Elastic Beanstalk Security Certificates: Difference between revisions

Overview

Instructions on installing and maintaining SSL for AWS Elastic Beanstalk web apps.

Amazon offers its own security certificates for load balanced EC2 instances, but not for smaller stand-alone instances.

Let's Encrypt offers free security certificates.

The instructions for installing Let's Encrypt change depending on the platform. E.g.

• Amazon Linux AMI vs Amazon Linux 2
• nginx server vs Apache server
• Web server for python vs web server for PHP.

It is important to determine which platform is needed, what its limitations are in terms of supporting Let's Encrypt certificates before proceeding.

Prerequisites

Enable SSH on the server

It is useful, evenessential, to be able to issue commands on the server from the command line,

See Enabling SSH Connections to an Elastic Beanstalk Environment

Open HTTPS port (443)

See Open HTTPS Port For Elastic Beanstalk Environments

Enable SSL on EC2 instance

There are (at least) two major types of EBS platforms Amazon Linux AMI vs Amazon Linux or Amazon Linux 2.

• TODO: Confirm if PHP is limited to one of these two platforms.
• TODO: Confirm if Python is limited to one of these two platforms.

Amazon Linux 2

• SSL library is mod_ssl.
• Default web server is nginx? (<-- TODO: confirm)
• PHP platform options appear to be limited to PHP for EBS. (<-- TODO: Confirm)

Amazon Linux AMI

• SSL library is mod24_ssl.

Apache server

The Amazon documentation instructs you to install mod_ssl with the following command which should create a file /etc/httpd/conf.d/ssl.conf when it completes.

Note that applies to Apache servers.
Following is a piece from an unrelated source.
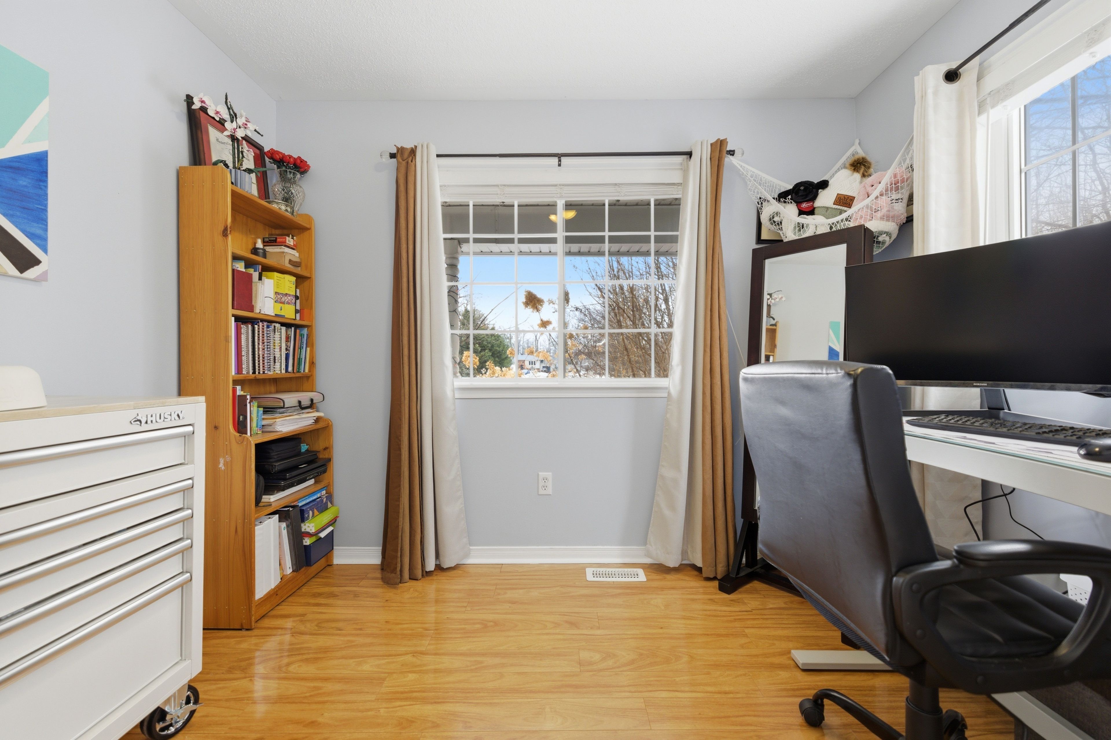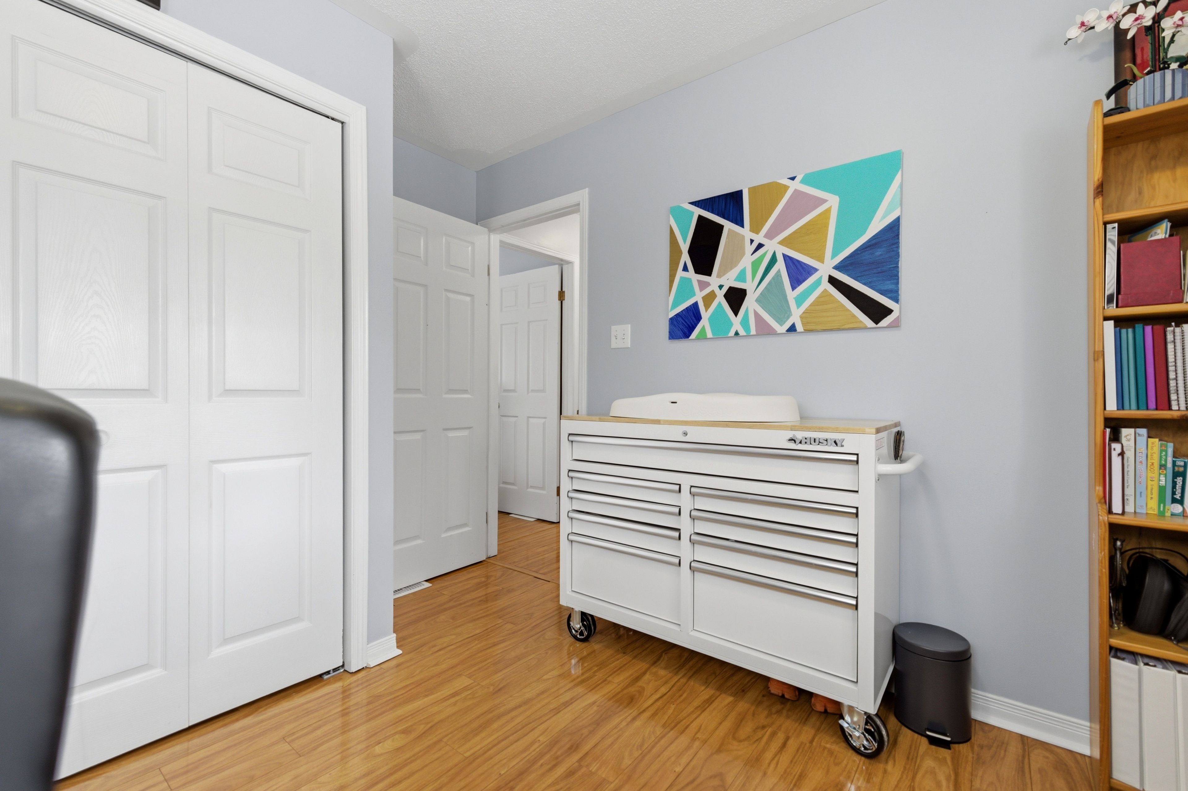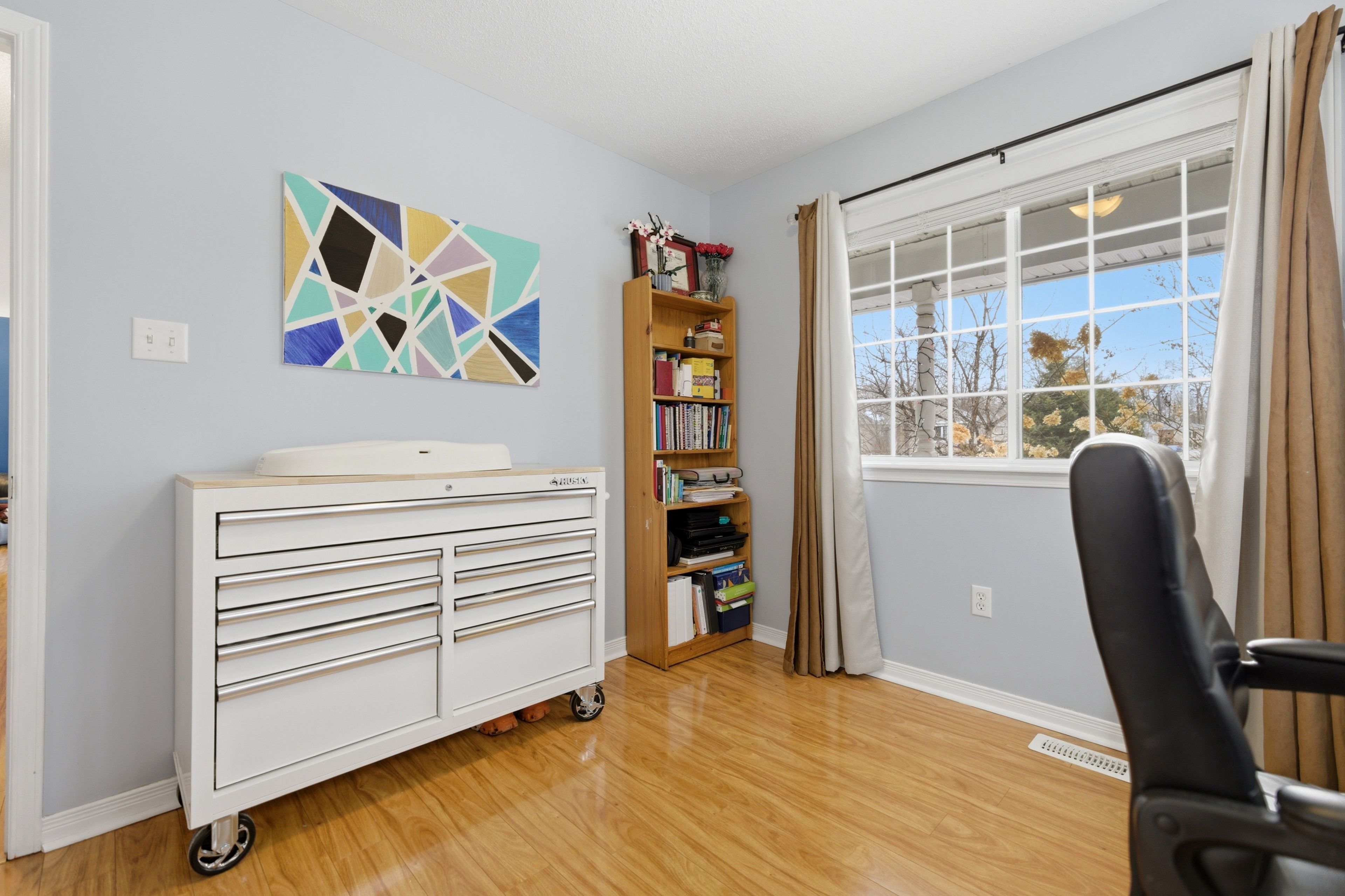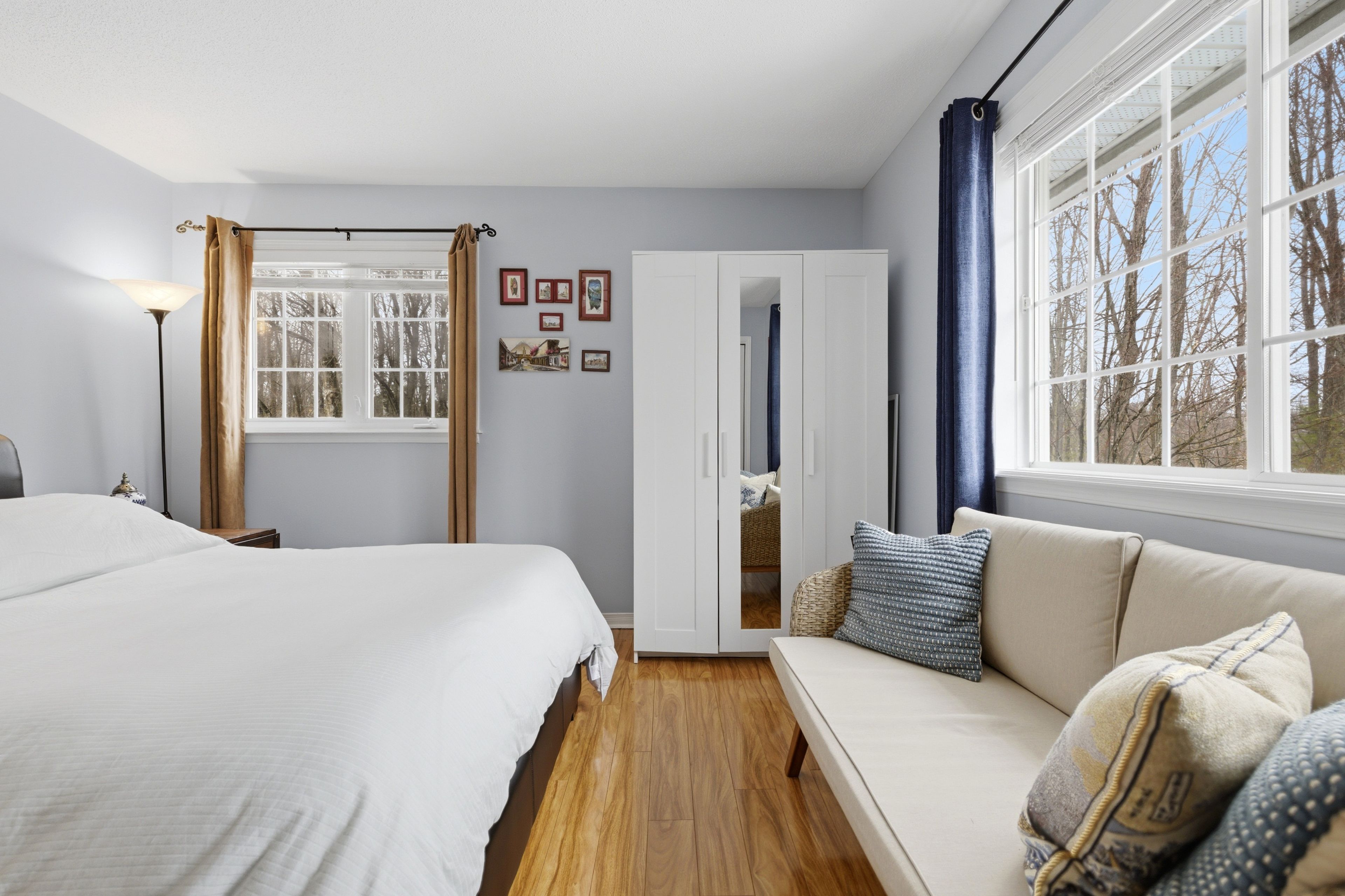• Bright and clean interior with natural light and warm flooring.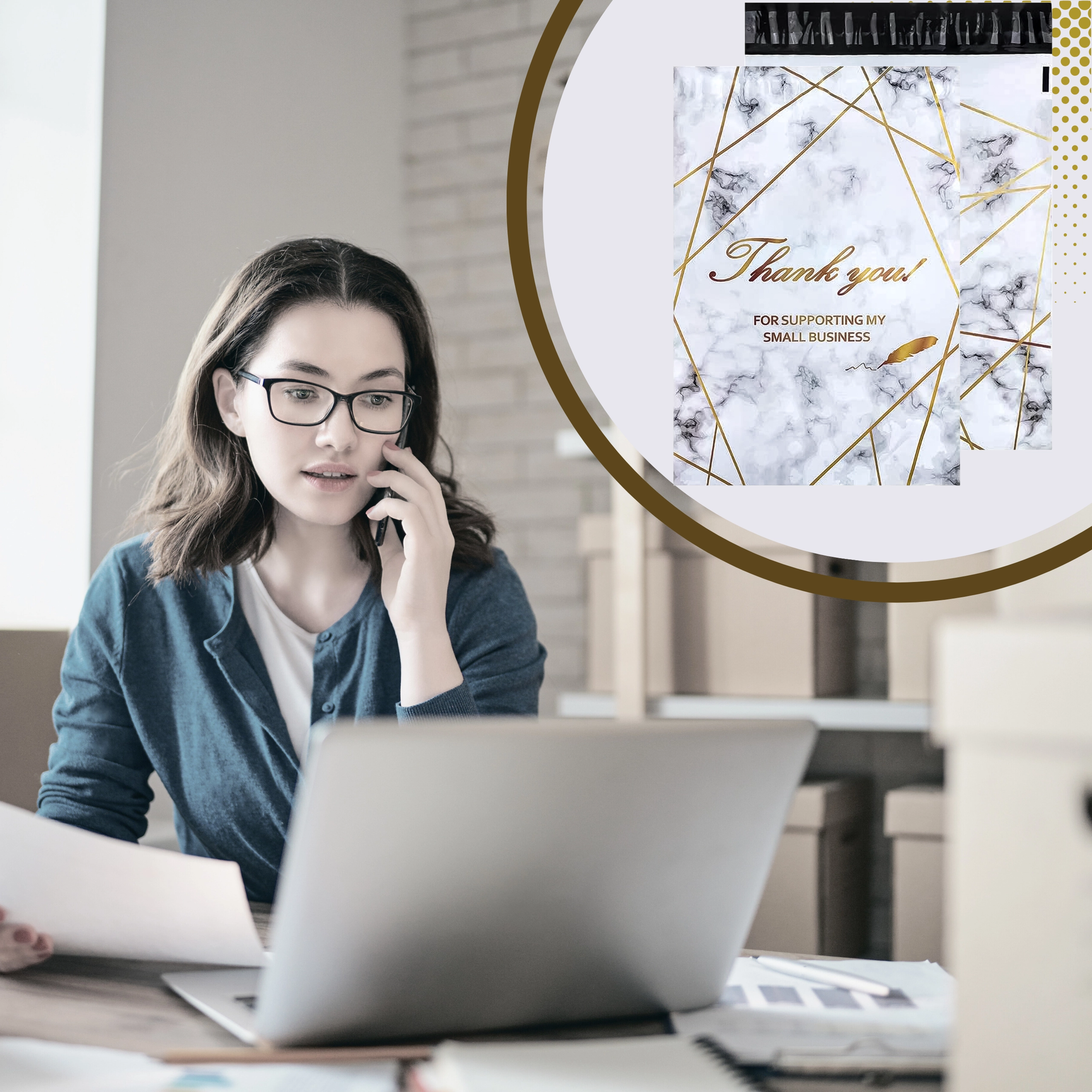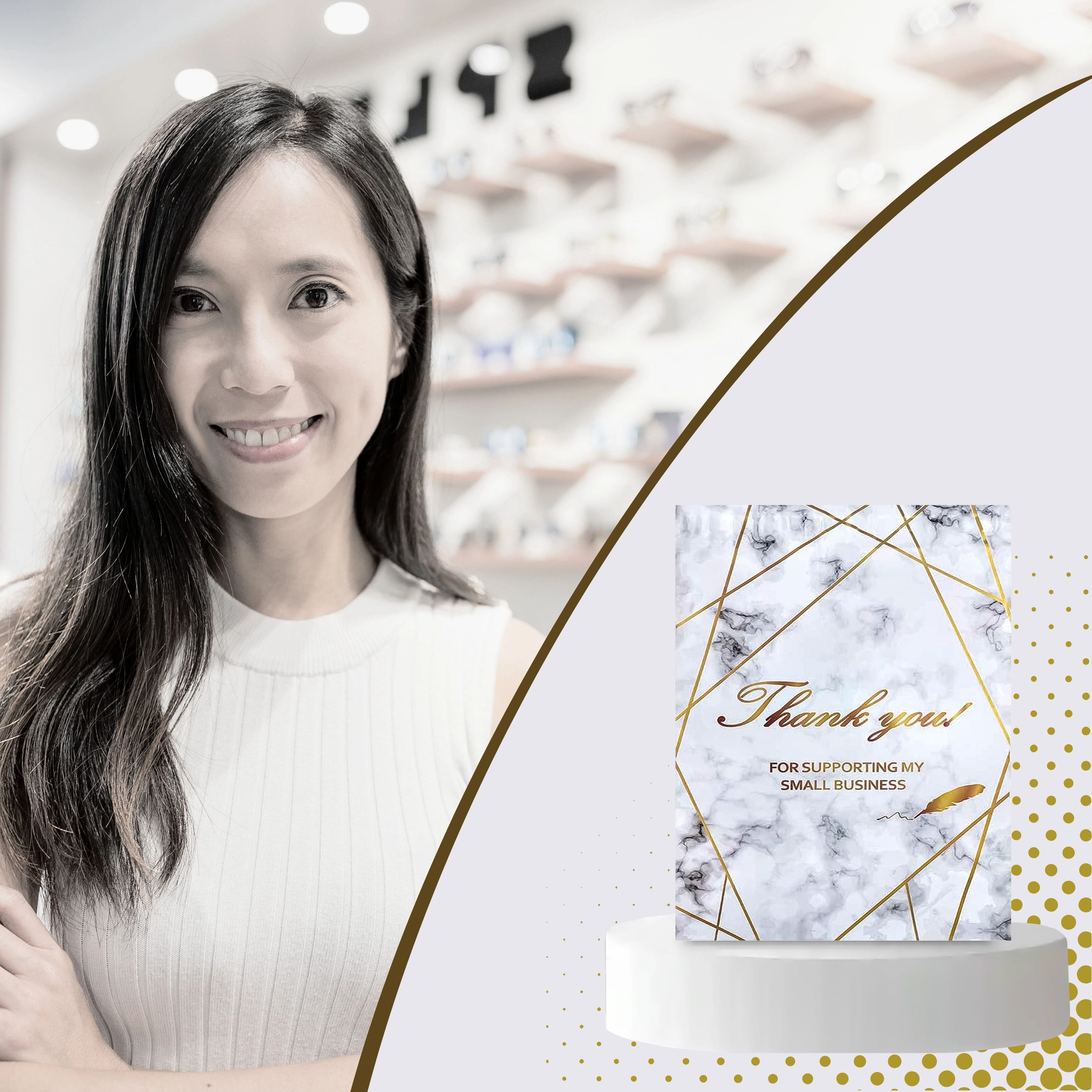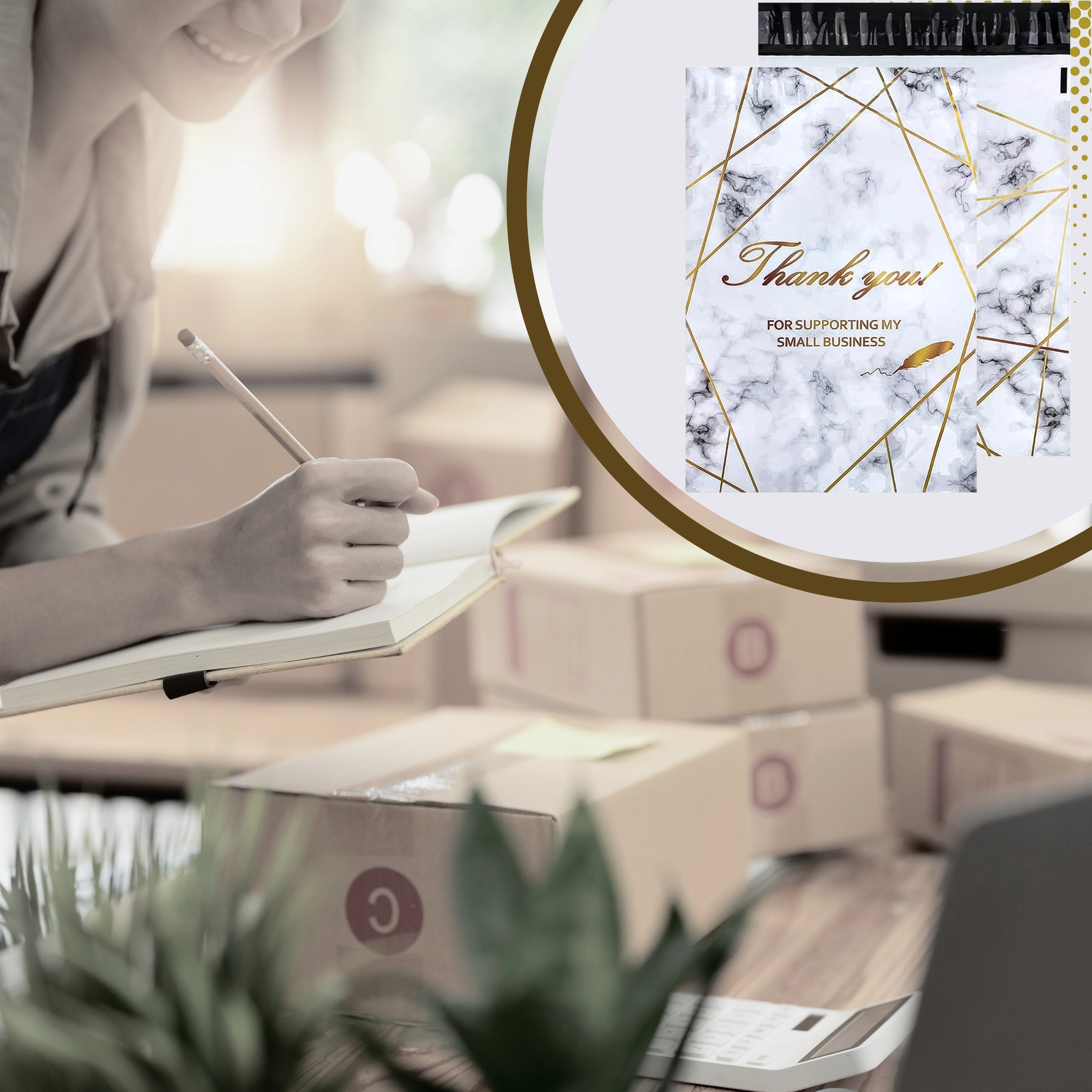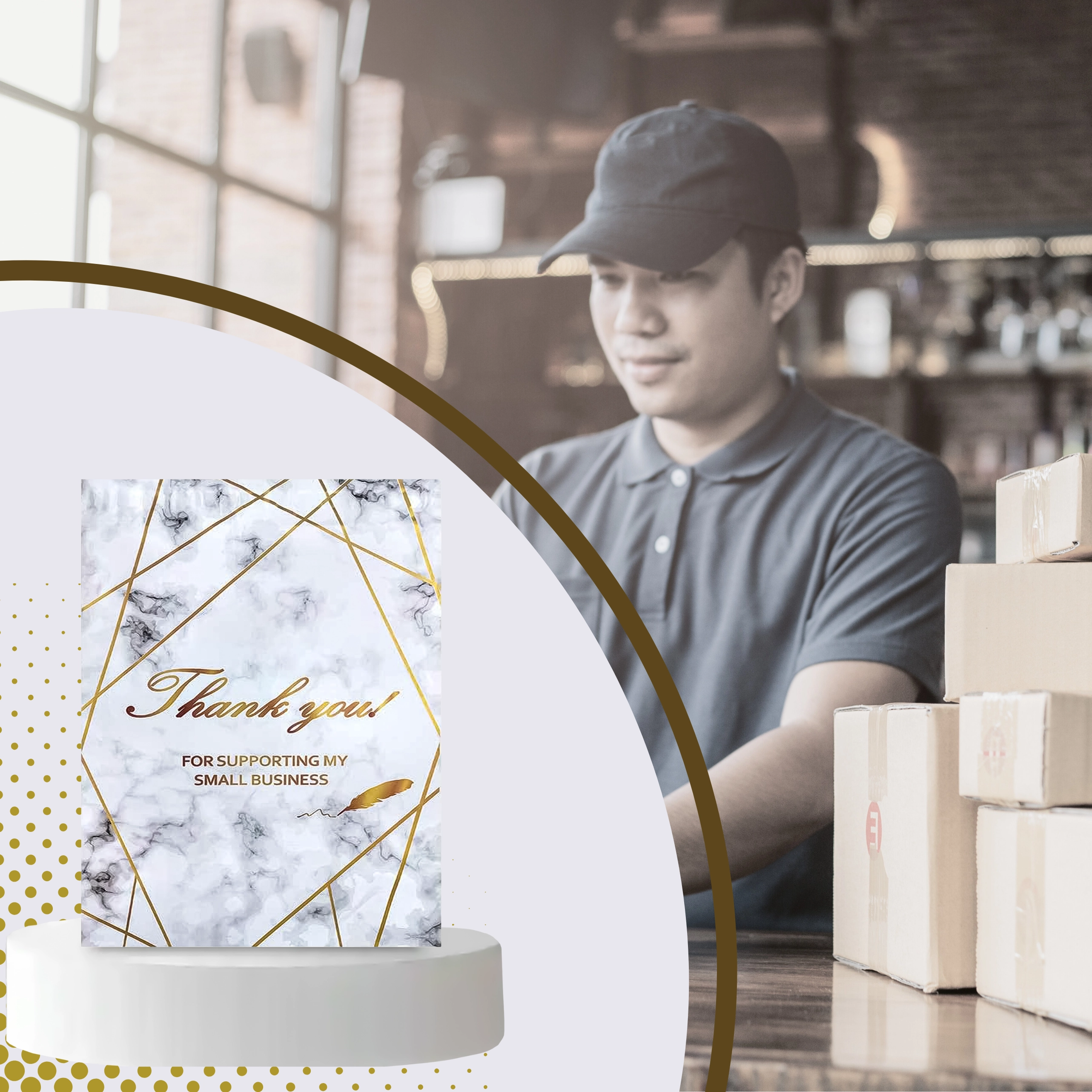 - Reprezentativen videz: zlatni marmor s potiskom Thank You za boljši vtis pri strankah.

Confirm that Apache is serving web requests with

$ sudo systemctl is-enabled httpd

If the command returns disabled then another server, most likely nginx, is already serving web requests.

$ sudo yum install mod_ssl

This did not work for me for dbarchowsky.com which was on a t1.micro instance, Amazon Linux AMI version 2018.03. What worked instead was:

$ sudo yum install mod24_ssl

These commands don't need to be entered manually. Instead they should be put into an .ebextensions config file so that the site can be deployed without manual configuration.

packages:
  yum:
    mod_ssl : []

Installing certbot

Certbot Commands documentation

certbot is a command line script that will install Let's Encrypt certificates and configure the current web server to recognize the certificates in order to serve https requests.

Let's encrypt certificates typically are stored in .pem files located in /etc/letsencrypt/live/mydomain.com.

Also the server's config file must be updated in order store the location of the certificate files. A typical path for this file is /etc/httpd/conf.d/ssl.conf.

Installing certbot from the command line

$ mkdir -p /opt/certbot 
$ wget https://dl.eff.org/certbot-auto -O /opt/certbot/certbot-auto 
$ chmod a+x /opt/certbot/certbot-auto

Installing certbot in .ebextensinos

The above commands likely would require sudo on the command line. The best location for this configuration is in a .ebextensions config file with something like this:

20_install_certbot:
    command: "mkdir -p /opt/certbot && wget https://dl.eff.org/certbot-auto -O /opt/certbot/certbot-auto && chmod a+x /opt/certbot/certbot-auto"

Installing LE Certificates with nginx

The following instructions originate from Let's Encrypt with AWS Elastic Beanstalk by “PirateFaché”. This installs LE certificates on nginx.

The following directives in the .ebextensions file will NOT change the configuration of the nginx server. See #Troubleshooting for details.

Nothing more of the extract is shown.